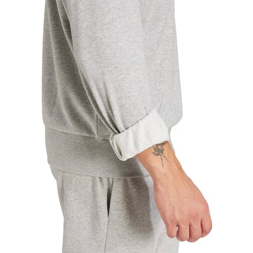 Experience the comfort of the Essentials FeelCozy French Terry Sweatshirt, designed for the modern man. Crafted from a blend of 70% Better Cotton and 30% recycled Polyethylene Terephthalate, this regular fit sweatshirt is made with recycled and renewable materials, showcasing adidas' commitment to sustainability. With its updated fit, dropped shoulder and armhole, and slightly shortened back length, it offers a modern design and clean, versatile style for an easy, everyday look. The embroidered 56mm three-bar logo adds a touch of classic adidas branding.
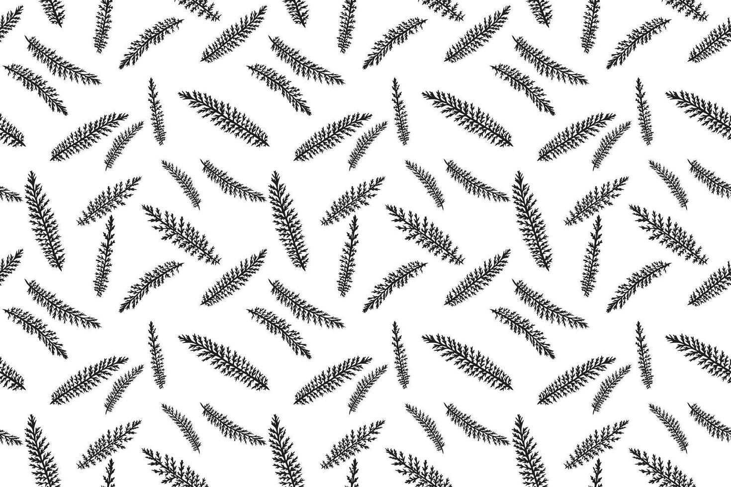 Black and white tiny branches leaves fir seamless pattern. hand drawn sketch. Minimalist abstract simple flat botanical patterned. Collage for designs, fabric, printing vector
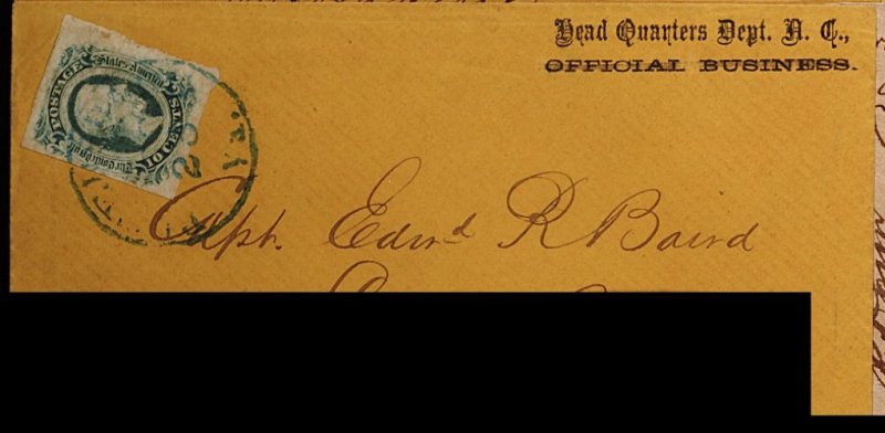 1445 c 12e image#12e, 10c Green, Die B, large to enormous margins, tied by blue "Petersburg Va./Aug 23" c.d.s. to orange Head Quarters Dept. N.C., Official Business semi-official imprint cover, addressed to Capt. Edward R. Baird, Lloyds P.O., Essex Co., Virginia, accompanied by interesting 1955 C.S.A. article concerning cover and Captain Baird, a Gettysburg survivor, extremely fine and choice; a fresh and desirable usage. (Image) Est. 300-400
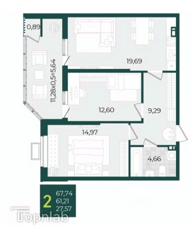 Просторная лоджия 11.28 м2 станет отличным местом для отдыха, создания зимнего сада или уютного уголка для работы. Она прекрасно освещена и имеет возможность остекления.
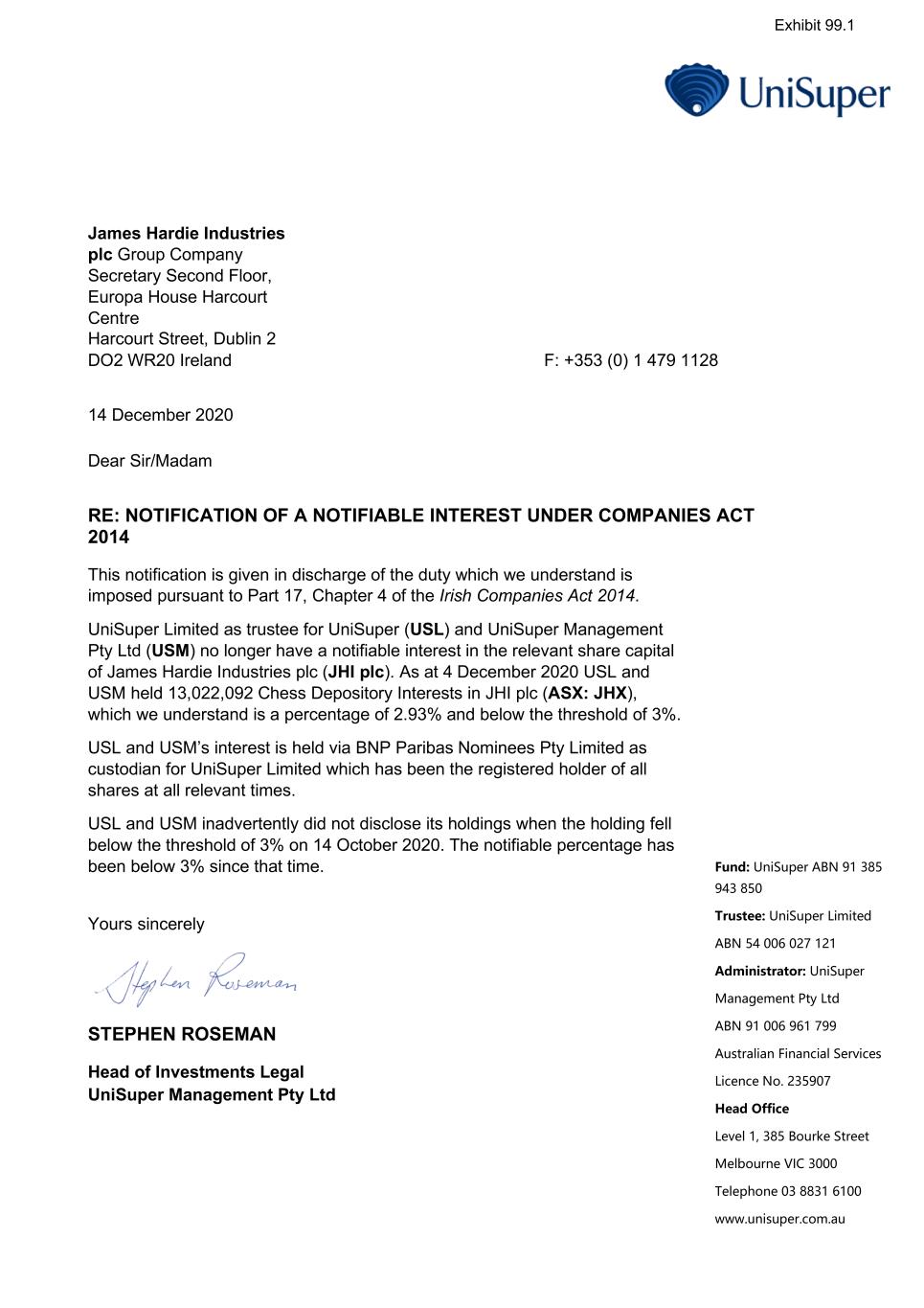 James Hardie Industries plc Group Company Secretary Second Floor, Europa House Harcourt Centre Harcourt Street, Dublin 2 DO2 WR20 Ireland F: +353 (0) 1 479 1128 14 December 2020 Dear Sir/Madam RE: NOTIFICATION OF A NOTIFIABLE INTEREST UNDER COMPANIES ACT 2014 This notification is given in discharge of the duty which we understand is imposed pursuant to Part 17, Chapter 4 of the Irish Companies Act 2014. UniSuper Limited as trustee for UniSuper (USL) and UniSuper Management Pty Ltd (USM) no longer have a notifiable interest in the relevant share capital of James Hardie Industries plc (JHI plc). As at 4 December 2020 USL and USM held 13,022,092 Chess Depository Interests in JHI plc (ASX: JHX), which we understand is a percentage of 2.93% and below the threshold of 3%. USL and USM’s interest is held via BNP Paribas Nominees Pty Limited as custodian for UniSuper Limited which has been the registered holder of all shares at all relevant times. USL and USM inadvertently did not disclose its holdings when the holding fell below the threshold of 3% on 14 October 2020. The notifiable percentage has been below 3% since that time. Yours sincerely STEPHEN ROSEMAN Head of Investments Legal UniSuper Management Pty Ltd Fund: UniSuper ABN 91 385 943 850 Trustee: UniSuper Limited ABN 54 006 027 121 Administrator: UniSuper Management Pty Ltd ABN 91 006 961 799 Australian Financial Services Licence No. 235907 Head Office Level 1, 385 Bourke Street Melbourne VIC 3000 Telephone 03 8831 6100 www.unisuper.com.au Exhibit 99.1

******

### TASK REQUIREMENTS
Please print everything in the material exactly, apart from the pictures.

### RESULT OF THE EXERCISE
 Experience the comfort of the Essentials FeelCozy French Terry Sweatshirt, designed for the modern man. Crafted from a blend of 70% Better Cotton and 30% recycled Polyethylene Terephthalate, this regular fit sweatshirt is made with recycled and renewable materials, showcasing adidas' commitment to sustainability. With its updated fit, dropped shoulder and armhole, and slightly shortened back length, it offers a modern design and clean, versatile style for an easy, everyday look. The embroidered 56mm three-bar logo adds a touch of classic adidas branding.
 Black and white tiny branches leaves fir seamless pattern. hand drawn sketch. Minimalist abstract simple flat botanical patterned. Collage for designs, fabric, printing vector
 1445 c 12e image#12e, 10c Green, Die B, large to enormous margins, tied by blue "Petersburg Va./Aug 23" c.d.s. to orange Head Quarters Dept. N.C., Official Business semi-official imprint cover, addressed to Capt. Edward R. Baird, Lloyds P.O., Essex Co., Virginia, accompanied by interesting 1955 C.S.A. article concerning cover and Captain Baird, a Gettysburg survivor, extremely fine and choice; a fresh and desirable usage. (Image) Est. 300-400
 Просторная лоджия 11.28 м2 станет отличным местом для отдыха, создания зимнего сада или уютного уголка для работы. Она прекрасно освещена и имеет возможность остекления.
 James Hardie Industries plc Group Company Secretary Second Floor, Europa House Harcourt Centre Harcourt Street, Dublin 2 DO2 WR20 Ireland F: +353 (0) 1 479 1128 14 December 2020 Dear Sir/Madam RE: NOTIFICATION OF A NOTIFIABLE INTEREST UNDER COMPANIES ACT 2014 This notification is given in discharge of the duty which we understand is imposed pursuant to Part 17, Chapter 4 of the Irish Companies Act 2014. UniSuper Limited as trustee for UniSuper (USL) and UniSuper Management Pty Ltd (USM) no longer have a notifiable interest in the relevant share capital of James Hardie Industries plc (JHI plc). As at 4 December 2020 USL and USM held 13,022,092 Chess Depository Interests in JHI plc (ASX: JHX), which we understand is a percentage of 2.93% and below the threshold of 3%. USL and USM’s interest is held via BNP Paribas Nominees Pty Limited as custodian for UniSuper Limited which has been the registered holder of all shares at all relevant times. USL and USM inadvertently did not disclose its holdings when the holding fell below the threshold of 3% on 14 October 2020. The notifiable percentage has been below 3% since that time. Yours sincerely STEPHEN ROSEMAN Head of Investments Legal UniSuper Management Pty Ltd Fund: UniSuper ABN 91 385 943 850 Trustee: UniSuper Limited ABN 54 006 027 121 Administrator: UniSuper Management Pty Ltd ABN 91 006 961 799 Australian Financial Services Licence No. 235907 Head Office Level 1, 385 Bourke Street Melbourne VIC 3000 Telephone 03 8831 6100 www.unisuper.com.au Exhibit 99.1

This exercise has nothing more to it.